Wolbachia was in our study only found in non-fecal species and is a well-known facultative symbiont in insects. They are often maternally inherited bacteria related with feminization, parthenogenesis and cytoplasmic incompatibility (CI)38,39. For Wolbachia to become established in a new host species, it must be horizontally acquired and vertically transmitted at a high rate40. In D. mauritiana, there are three possible ways that Wolbachia could transfer between population: as the neutral bacteria, as beneficial bacteria, or related to with the spindle apparatus of nuclei during division41. The vertical transmission of Wolbachia in Acari proved that Wolbachia-infected females transferred Wolbachia to their offspring regardless they mated with infected or uninfected males, but the offspring of Wolbachia-free females were always uninfected42. In Galerucella species, we find that non-fecal species possess a much higher level of Wolbachia than fecal species, almost exclusively (Figs. 1 & 4). This pattern could suggest that fecal strings possibly hinder Wolbachia transmission or establishment through the maintenance of some other beneficial microorganisms.
To conclude, our findings demonstrate that the dynamics of gut bacteria and the bacterial community are impacted by fecal strings across host life stages, with a very different microbiome shared between fecal and non-fecal species. Importantly, this work also suggests that different bacterial genera may be both positively and negatively related with fecal strings.
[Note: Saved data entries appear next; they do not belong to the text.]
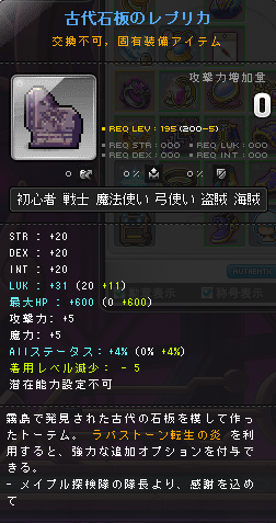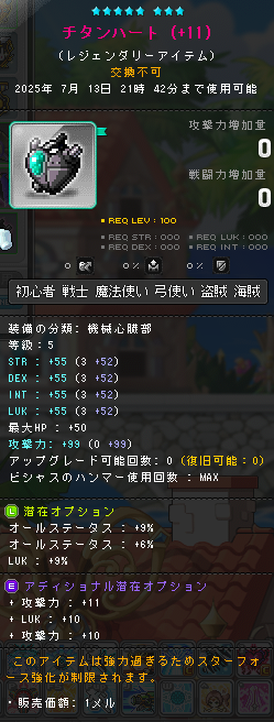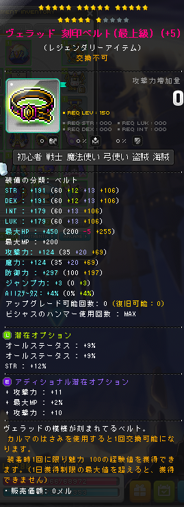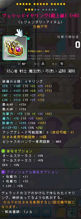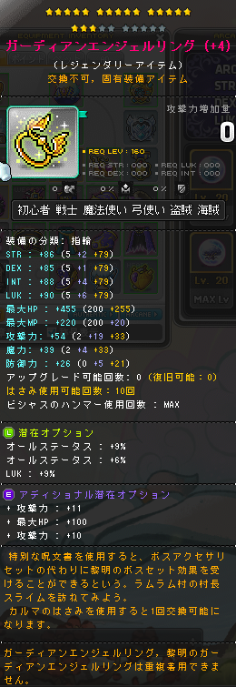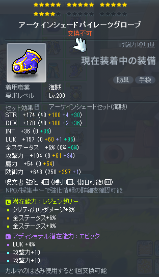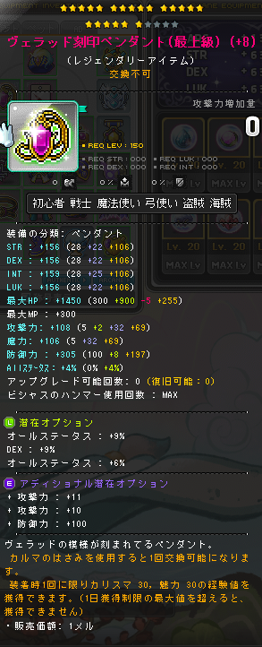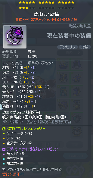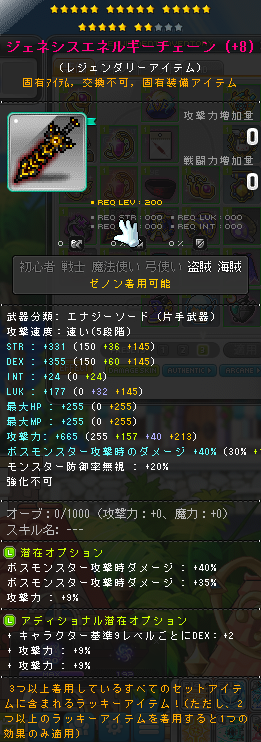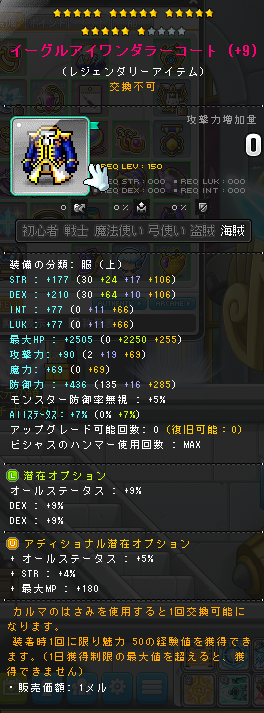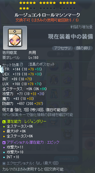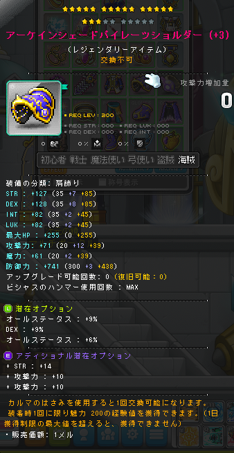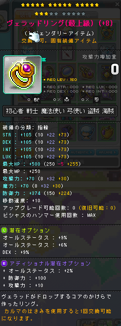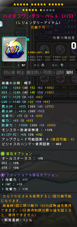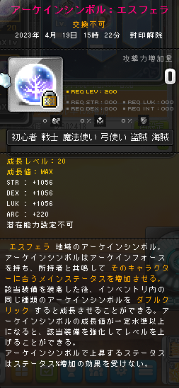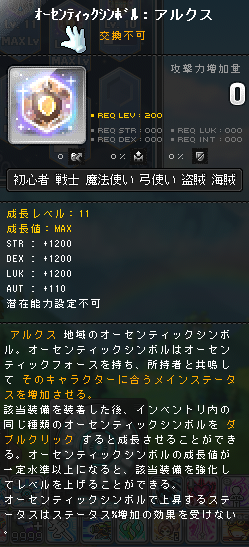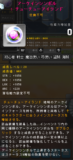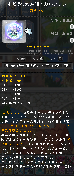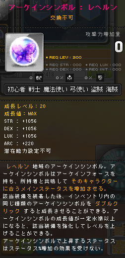 | HEXAステータス | ステータスコアIII | 20 | STR/DEX/LUK | 08 | +624 | ||||||||||||||||||||||||||||||||||||||||||||||
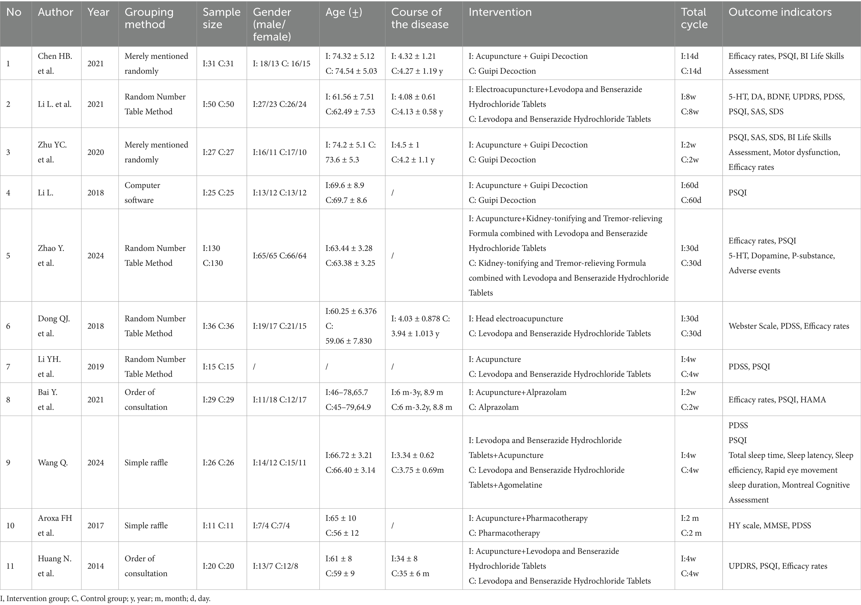 A total of 11 studies were included (18, 2029), with their basic characteristics summarized in Table 2. The 11 studies enrolled 800 patients, comprising 426 males (53.25%) and 374 females (46.75%). Ten studies were conducted in China, and one in Brazil. All studies provided specific diagnostic criteria, with 10 employing Chinese standards and one using British standards. Within the intervention groups, nine studies utilized body acupuncture, one employed electroacupuncture, and one used scalp electroacupuncture. In the control groups, three studies used Guipi Decoction as the control, four studies used Madopar, one study used Alprazolam, two studies used a combination of two medications, and one study did not specify the control medication. The intervention periods in the 11 studies ranged from 14 days to 8 weeks. Detailed information is presented in Table 2.
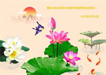 代表黑龍江省大慶所有真修大法弟子向師尊問好!祝師父生日快樂!
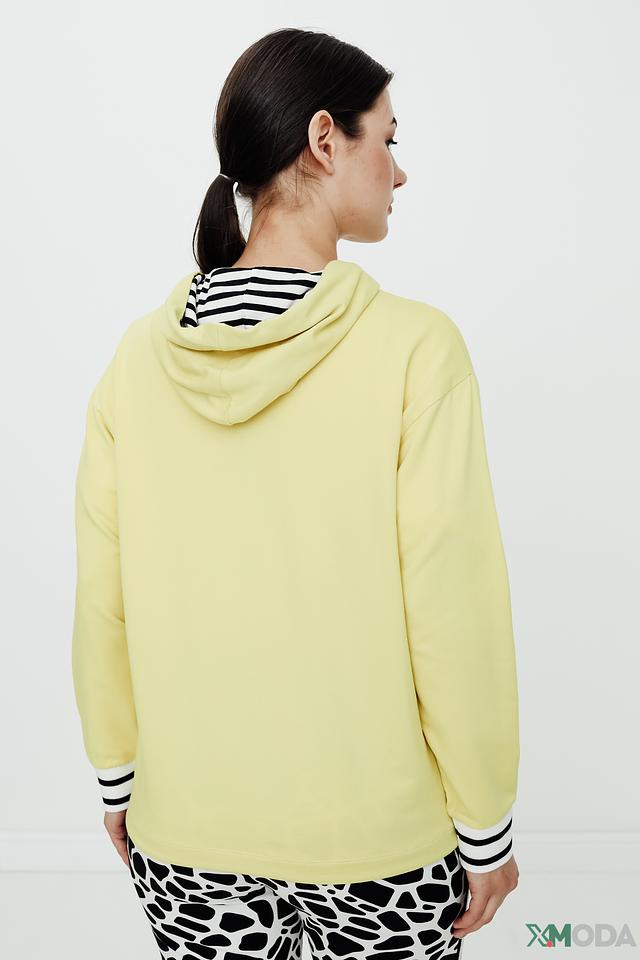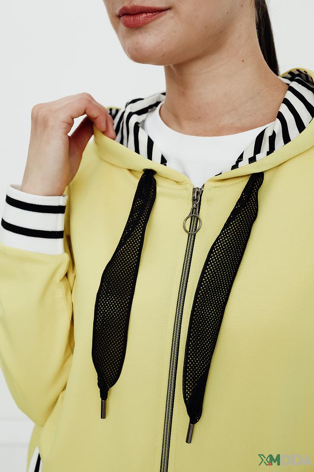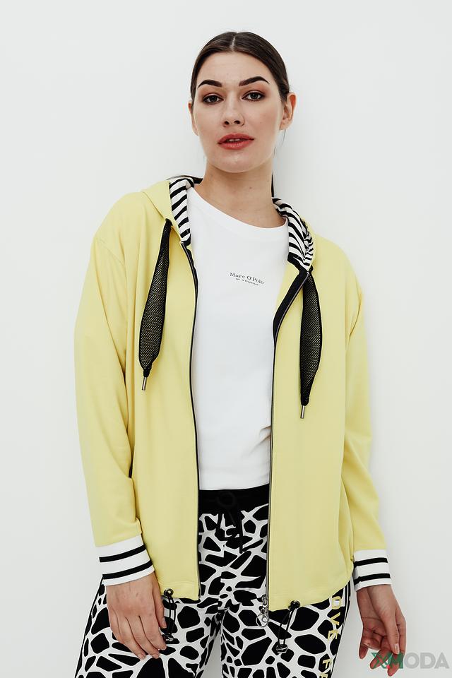 Жёлтый жакет от Tuzzi с капюшоном и застежкой-молнией станет отличным дополнением к вашему гардеробу. Модель выполнена из мягкой ткани с добавлением хлопка и модала, что обеспечивает комфорт в носке. Декоративные полосы на рукавах и капюшоне придают образу спортивный шик. Состав: хлопок 45%, модал 45%, эластан 10%
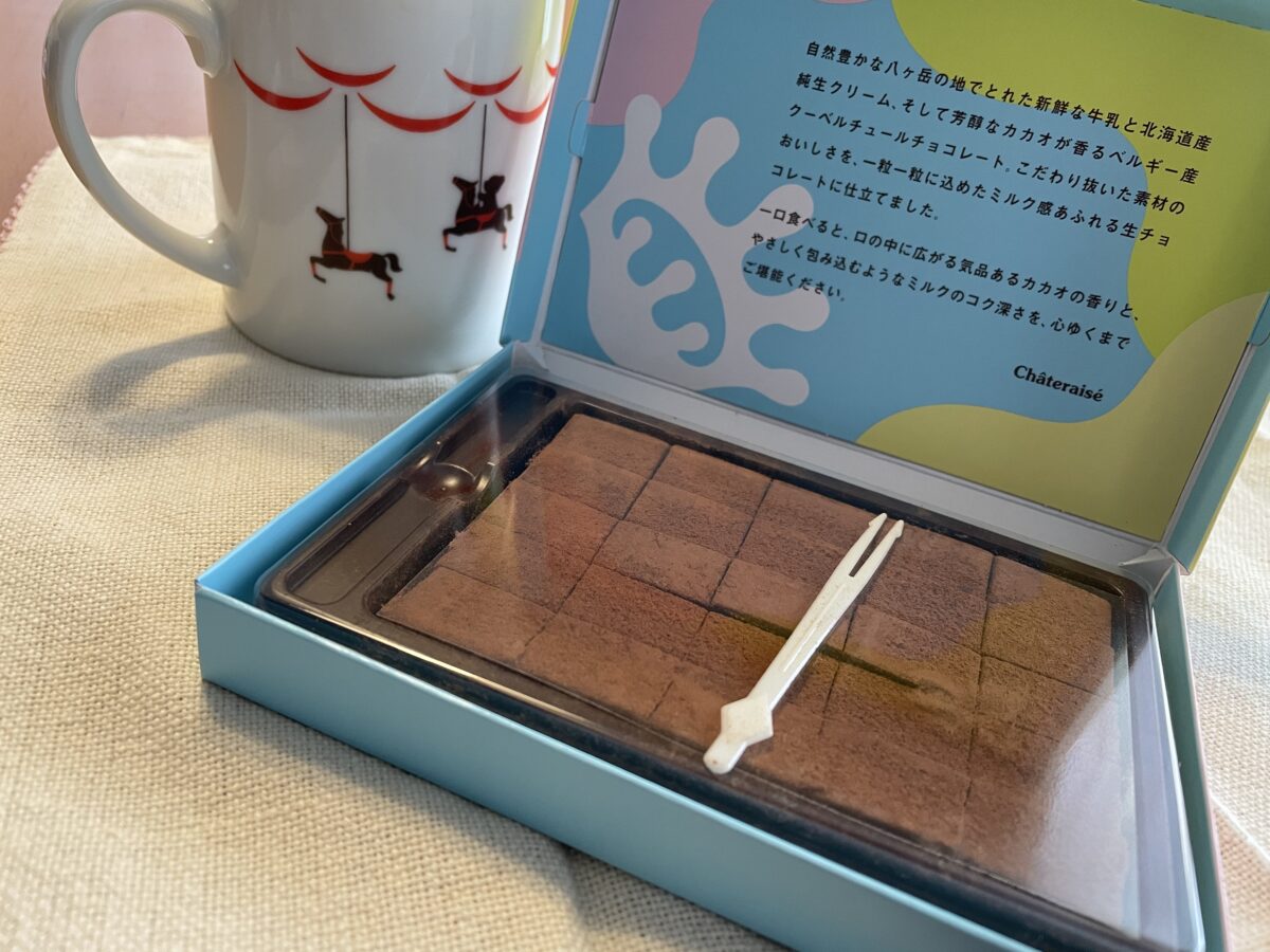 こちらは、自然豊かな八ヶ岳の地でとれた新鮮牛乳と北海道産純生クリーム、ベルギー産クーベルチュールチョコレートを使用した生チョコレート。こちらは、冷蔵品で販売されていました。
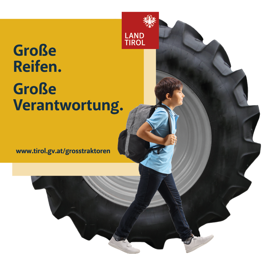 Großtraktoren überragen beinahe alle anderen am Verkehr Teilnehmenden um ein Vielfaches. Das löst oft ein mulmiges Gefühl aus – vor allem dann, wenn die Straßen im Ortsgebiet eng sind und der Abstand gering ist. Mit der neuen Informationskampagne des Landes Tirol ersuchen wir Sie im Sinne eines guten Miteinanders und höchstmöglicher Sicherheit im Straßenverkehr, über die gesetzlichen Vorschriften hinaus besondere Rücksicht zu nehmen.

This information suggests that understanding the temporal dynamics of gut microbial communities in both fecal and non-fecal species may help identify key drivers affecting the assembly of microbiomes and potentially how the microbial functions related to insect fitness. Nevertheless, we find that the gut microbiota structure both by phylogenetic perspective and environmental perspective, where the innovation of adding fecal strings to the egg could play a pivotal role in this particular beetle genus.